Dreamz laughed at the possibility of winning yet another piece of fishing gear. This angered Spy Kids 3-D: Game Over, so he told Dreamz to bring it. And here I was, my hate of that awful Bostonian forcing me to root…for…a…male cheerleading coach. I felt so dirty. Regardless, Dreamz (the ‘z’ is so gangsta…SPIRIT FINGERS!) knocked Daylight out of the ring faster than that fat Cobra Kai guy. Seriously, what was up with that guy? No way Kreese would let him in his dojo. YOU’RE THE BEST AROUND…NOTHIN’S GONNA EVER KEEP YOU DOWN!
I am just gonna say what everyone knows already – Ravu lost. Yes, they are awful. Also, Yao Ming beat on a woman. Man, basketball players.
Back at the Moto camp, Stacy and Lisi decided to be rude to Dreamz and Cassandra because they weren’t in their alliance and wouldn’t help them use the French press they won. They were seriously very rude. Alex “smelled” trouble. Get it? Because he has a big nose. These are the jokes, folks. He didn’t see a point in being rude to them because if there was a merge, those two could easily switch and win majority. Ed-tardo also took his break from blending into the scenery to say he didn’t like it.
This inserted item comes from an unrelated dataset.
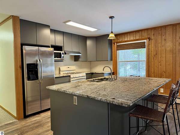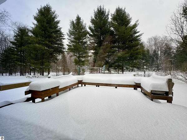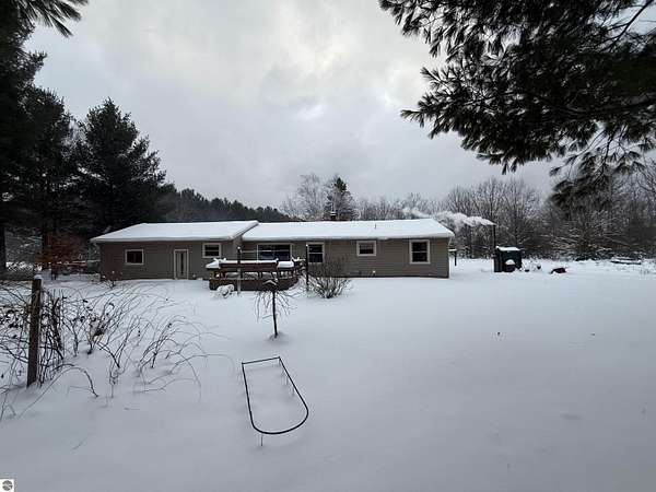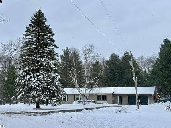 Peaceful countryside setting on 10 acres for this Ranch style home. Open floor plan w/ updated kitchen, new granite counters & cupboards, large island, massive pantry, 3 bedrms & 2 baths. New LVP flooring in the kitchen, dining, living, laundry rms. Heated bathroom floor in main bath. Main floor laundry. Supplemental wood boiler (see specifics in agent comments). Rinnai on demand hot water heating system. Generac Generator will power entire house. Pole buildings allowed. Located near Duck Lake & Interlochen, known for its arts center with various events, culture, lakes, rivers & golf.

Now, Lisi. How can she feel so comfortable in her place there. We are all pretty sure when it comes down to it, you’re the first one gone out of that group. Lisi, every group has an ugly, annoying chick. If you look around and can’t find her, you’re it. Yup, you’re Andrea Zuckerman.
Back at Ravu, the guys were annoyed with Rita and Michelle having personalities. I guess they talked too much. “The whole lip gloss and go thing just ain’t my thing,” said Driven, “things are things with things who have things.” He also said he would smack them with a fried pineapple. I need his address, soon.
The immunity challenge was basically a game of Memory with tribe members flipping over boards containing either words or numbers and then trying to match them up with other boards which also featured words or numbers, with some non-matching boards thrown in. Why yes, it was boring. It came down to tribes being tied. Tango & Cash was Ravu’s last hope (see where this is going?) He flipped over a 9. Now, on the last turn, someone just flipped over the other 9. Like 1 minute ago. Nope, he didn’t find it. How is he still on the show? Seriously.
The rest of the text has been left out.